日時: 2026年6月6日 (土) 10:00-12:00 受付 09:50

場所:長崎大学環東シナ海環境資源研究センター 長崎県長崎市多以良町1551-7

※駐車場あり

定員: 30名程度

対象: 小学生3年生以上(中学生以上や大人だけの参加も歓迎! )

参加費無料

https://forms.gle/rccWJtYkDnGWF2XP7

共催:タラ オセアン ジャパン、JAMBIO、長崎大学 環東シナ海環境資源研究センター

なお、浅虫では6月27日(土)、厚岸では8月1日(土)に啓発イベントを開催予定です。

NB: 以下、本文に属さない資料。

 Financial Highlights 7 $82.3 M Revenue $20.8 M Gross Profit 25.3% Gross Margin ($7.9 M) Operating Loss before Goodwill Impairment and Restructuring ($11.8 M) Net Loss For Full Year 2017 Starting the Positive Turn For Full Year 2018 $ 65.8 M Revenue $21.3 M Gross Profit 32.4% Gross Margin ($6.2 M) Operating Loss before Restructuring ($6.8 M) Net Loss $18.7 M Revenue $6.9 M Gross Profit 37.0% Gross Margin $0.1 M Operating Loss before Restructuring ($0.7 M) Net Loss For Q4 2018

詳細は、タラ オセアン ジャパン公式ウェブサイトおよびSNSにて順次発信いたします。

2025年の啓発イベントの様子

本プロジェクトは、2023年冬および2026年春に実施したクラウドファンディングを通じ、多くの皆さまからのご支援をいただいたことで実現しています。

あらためまして、ご支援・ご協力を賜りました皆さま、ならびに本活動を支えてくださっているパートナー企業・団体の皆さまに、心より御礼申し上げます。

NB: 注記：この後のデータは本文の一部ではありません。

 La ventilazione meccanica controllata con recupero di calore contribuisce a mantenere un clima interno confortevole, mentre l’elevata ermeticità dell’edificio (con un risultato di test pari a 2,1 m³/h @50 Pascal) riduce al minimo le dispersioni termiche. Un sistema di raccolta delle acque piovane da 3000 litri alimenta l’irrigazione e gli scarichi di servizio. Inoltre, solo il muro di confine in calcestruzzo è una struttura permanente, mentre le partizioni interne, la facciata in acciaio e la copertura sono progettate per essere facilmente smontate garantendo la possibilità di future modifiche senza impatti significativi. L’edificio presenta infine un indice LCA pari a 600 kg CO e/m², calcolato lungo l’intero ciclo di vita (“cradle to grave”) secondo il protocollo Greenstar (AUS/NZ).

タラ オセアン ジャパンは、今後も大学・研究機関や地域の皆さまと連携しながら、ブルーカーボン生態系の理解促進と海洋環境保全・啓発に取り組んでまいります。

一般社団法人タラ オセアン ジャパン

2003年にアニエスベーが立ち上げた海洋に特化したフランスの公益財団法人タラ オセアン財団の日本支部。
地球温暖化や環境的脅威が海洋に与える影響の研究を進める「科学探査船 タラ号」などのタラ オセアンの活動を紹介するとともに、日本独自のプロジェクトを進めている。
2020~2023年には、日本全国の沿岸海域のマイクロプラスチックの調査研究と啓発を行う「Tara JAMBIOマイクロプラスチック共同調査」を実施。
https://jp.fondationtaraocean.org/expedition/tara-jambio/
2024年からは、ブルーカーボン生態系の調査研究とその重要性を啓発する「Tara JAMBIOブルーカーボンプロジェクト」を開始した。
https://jp.fondationtaraocean.org/expedition/tara-jambio-bluecarbon/

https://fondationtaraocean.org/jp
https://www.facebook.com/taraoceanjapan/
https://www.instagram.com/fondationtaraocean_japan/
https://x.com/TaraOcean_JP

JAMBIO(マリンバイオ共同推進機構)

北海道から沖縄までを網羅する、全国の臨海実験所、水産実験所の研究連携推進組織。2020年から2023年にはタラ オセアン ジャパンがJAMBIOと協力し「Tara JAMBIO マイクロプラスチック共同調査」を実施。日本沿岸海域のマイクロプラスチック汚染の調査と啓発活動を行った。